Beyond the five thematic failures, the report identifies four structural gaps that compound the problem. First, women’s specialist services are not universally available and frequently receive referrals too late to prevent the initial arrest or charge.

Second, delays in providing professional interpreting services drive inappropriate detention: several cases involved women held overnight in police cells simply because no interpreter could be found.

Third, legal aid does not currently fund defence solicitors to engage with suspects before charge – precisely the stage at which, the report argues, most of these cases should be closed down.

Fourth, victim-survivors and specialist services have been insufficiently included in developing the training, guidance and accountability mechanisms that are supposed to address these failures.

Immediate action

The report’s recommendations are specific and, in several cases, already have traction. The National Police Chiefs Council and Crown Prosecution Service have begun strategic work on improving their response to women suspects and defendants, including commitments to introduce a joint protocol for handling cases where the suspect may also be a victim of VAWG.

The Women’s Justice Board, reporting in March 2026, recommended legislation to provide effective defences for victims of domestic abuse accused of offending – a recommendation the government has not yet accepted, though it has committed to considering self-defence legislation if the Law Commission recommends it in its homicide review, due in 2028.

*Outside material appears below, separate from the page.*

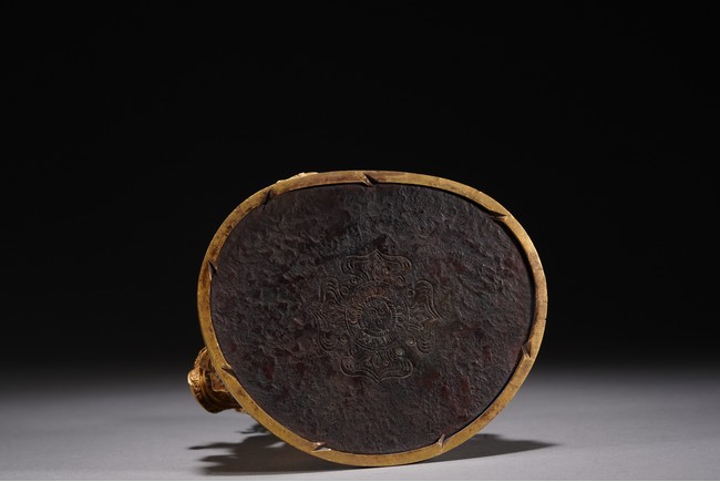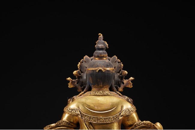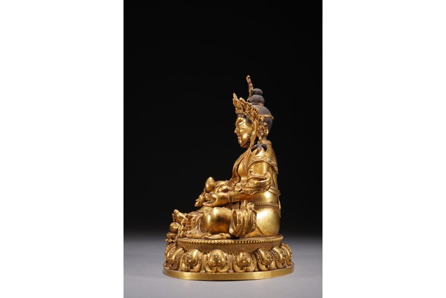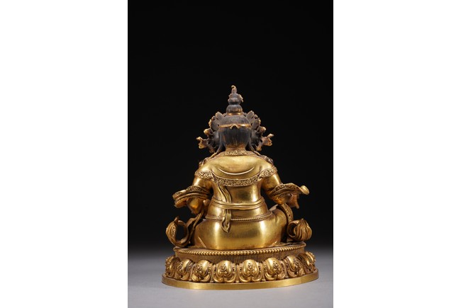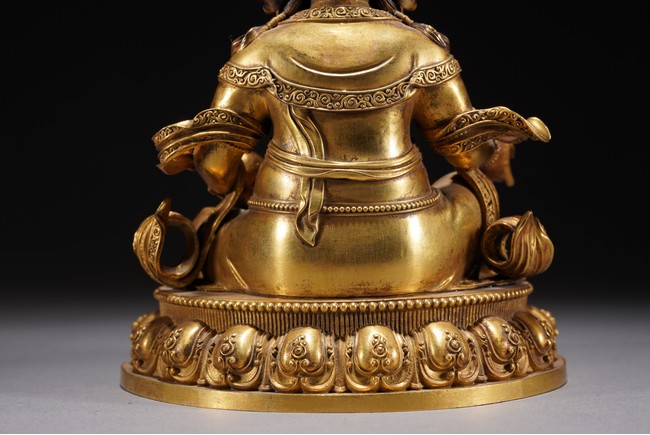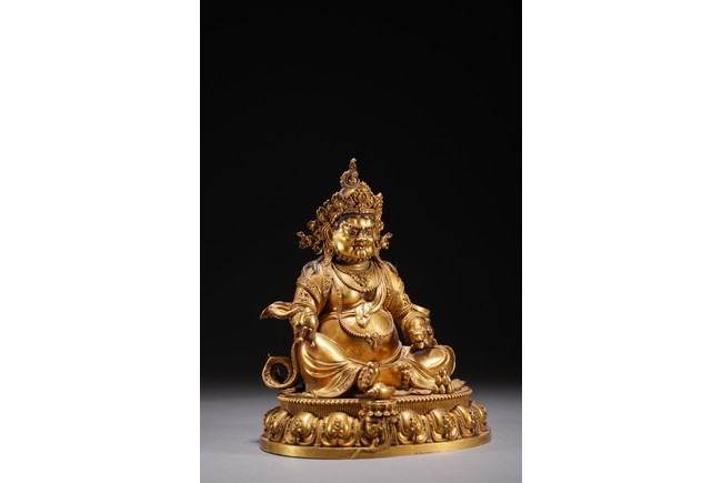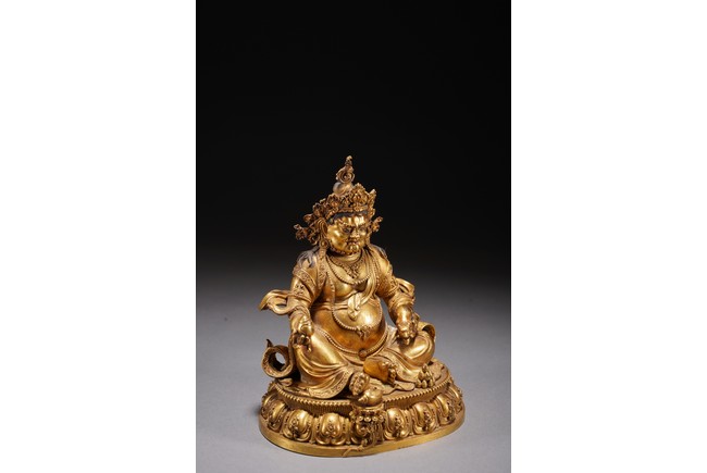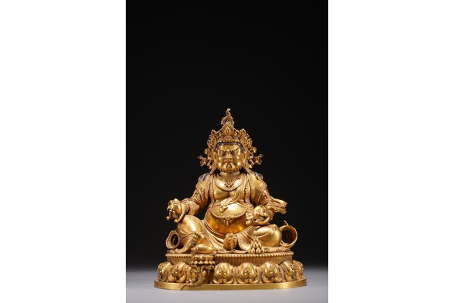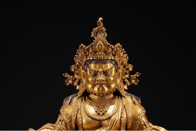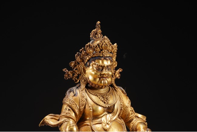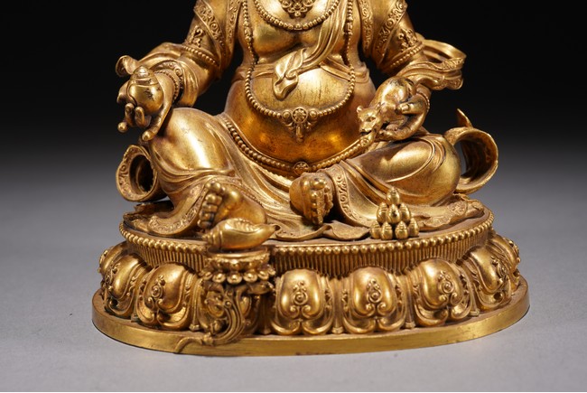 這是一尊西藏風格的作品。通體鎏金,色澤飽滿。寶冠、耳璫、精彩絕倫。頭戴寶冠,穿戴瓔珞與項鍊,披天衣,著長裙,左手抓握吐寶鼠、鼠嘴裡含著一顆大摩尼寶珠,右手持菴摩勒果,遍體金黃,舒坐在寶座上,右足踩在湧出寶物法螺。坐姿相當威武。

The CWJ’s own recommendations include establishing those effective defences; improving training and guidance for police and prosecutors with a specific focus on Black, Asian, minoritised and migrant victims; improving the CPS Code for Crown Prosecutors; and guaranteeing access to specialist women’s services from the first point of contact with police, along with timely access to female interpreters.

For policing, the report’s most direct challenge is operational: the guidance already exists. Officers are already instructed to probe counter-allegations, to consider the history of the parties, to guard against being drawn into a perpetrator’s coercive strategy. The evidence presented here suggests that instruction is not being followed consistently, and that there is currently little accountability when it is not.

Harriet Wistrich, solicitor and Chief Executive of the Centre for Women’s Justice, frames the stakes plainly. Victim-survivors have repeatedly put themselves forward to share painful experiences in order to persuade those in power to act.

The NPCC and CPS work is welcomed. But achieving real change, she argues, will require system-wide commitment led from the top of government, including sustained investment in the specialist services that are, repeatedly and visibly, the difference between women being criminalised and women being protected.

“Anything short of a full-throated endorsement of the recommendations in this report, and those of the Women’s Justice Board, will fail victims,” she said.